The issue of "rounding up" the value of the Abbey assessment was not raised before this court on appeal.
All future references to the Wisconsin Statutes will be to the 1995-96 volumes.
Wisconsin Stat. § 70.32 states in relevant part:
"Real property shall be valued by the assessor in the manner specified in the Wisconsin property assessment manual provided under s. 73.03(2a) from actual view or from the best information that the assessor can practicably obtain, at the full value which could ordinarily be obtained therefor at private sale."
ABKA cites several cases that fail to support its argument that an assessor must always rely on actual figures in the valuation of property. In State ex rel. Park Plaza Shopping Ctr., Inc. v. Board of Review of City of Madison, 61 Wis. 2d 469, 476, 213 N.W. 2d 27 (1973), this court did not require the use of actual figures over estimates, but simply noted that it was not erroneous for an assessor to use actual figures. Darcel, Inc. v. City of Manitowoc Bd. of Review, 137 Wis. 2d 623, 640, 405 N.W.2d 344 (1987), involved a recent arms-length sale of property, which under the statute represents the "best information" for tax assessment purposes. In Metropolitan Holding Co. v. Board of Review of City of Milwaukee, 173 Wis. 2d 626, 631, 495 N.W.2d 314 (1993), the use of estimated rents was not allowed in an assessment of property encumbered by HUD restrictions. No such encumbrances affect the Abbey.
ABKA misplaces reliance on cases in which the interests involved attach to the underlying land. See First Nat. Bank v. Charles Henneman Co., 10 Wis. 2d 260, 103 N.W.2d 24 (1960) *349(federal tax lien); Aberg v. Moe, 198 Wis. 349, 224 N.W. 132 (1929) (leasehold rights); Schmidt v. Town of Almon, 181 Wis. 244, 194 N.W. 168 (1923) (timber interests); City of West Bend v. Continental IV Fund Ltd. Partnership, 193 Wis. 2d 481, 535 N.W.2d 24 (Ct. App. 1995) (long-term lease); Cornell Univ. v. Rusk County, 166 Wis. 2d 811, 481 N.W.2d 485 (Ct. App. 1992) (mineral interests). These cases are factually distinguishable because, as we have already determined, the management income is value transferable with the resort property and not an interest in the real property of the condominiums.
ABKA maintains that a violation of the unitary tax rule also constitutes double taxation, yet ABKA fails to develop its claim. This court will not address undeveloped arguments. McEvoy v. Group Health Coop. of Eau Claire, 213 Wis. 2d 507, 530 n.8, 570 N.W.2d 397 (1997).

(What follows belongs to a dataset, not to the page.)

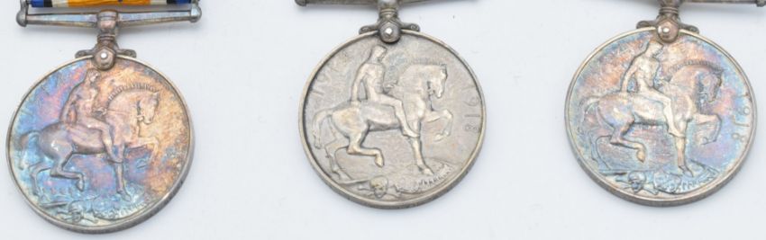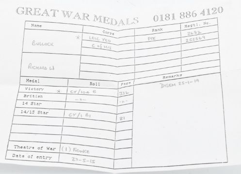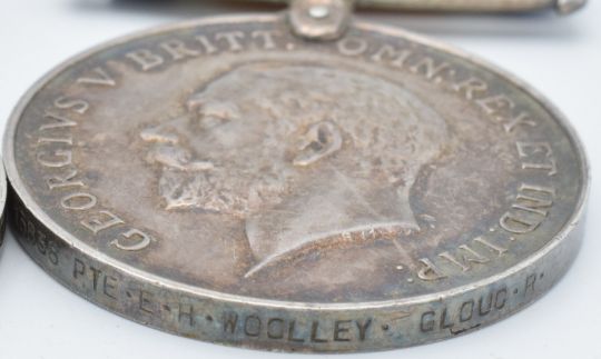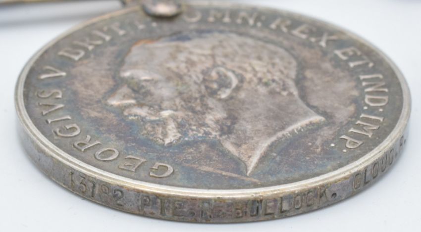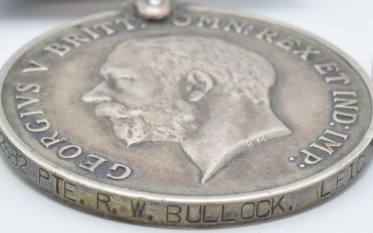 British Army WW1 medals comprising three War Medals named to 13782 Pte R Bullock, Gloucestershire Regiment, 2682 Pte R W Bullock, Leicestershire Yeomanry and 13838 Pte E H Woolley, Gloucestershire Regiment, killed in action 30/5/1918, enlisted in Stroud in the 8th Service Battalion

In addition, ABKA raises the issue of violation of the uniformity clause for the first time during the present appeal. This court need not address arguments raised for the first time on appeal, and we exercise our discretion in declining to address ABKA's uniformity argument. State v. Van Camp, 213 Wis. 2d 131, 144, 569 N.W.2d 577 (1997); State v. Wilks, 121 Wis. 2d 93, 107, 358 N.W.2d 273 (1984).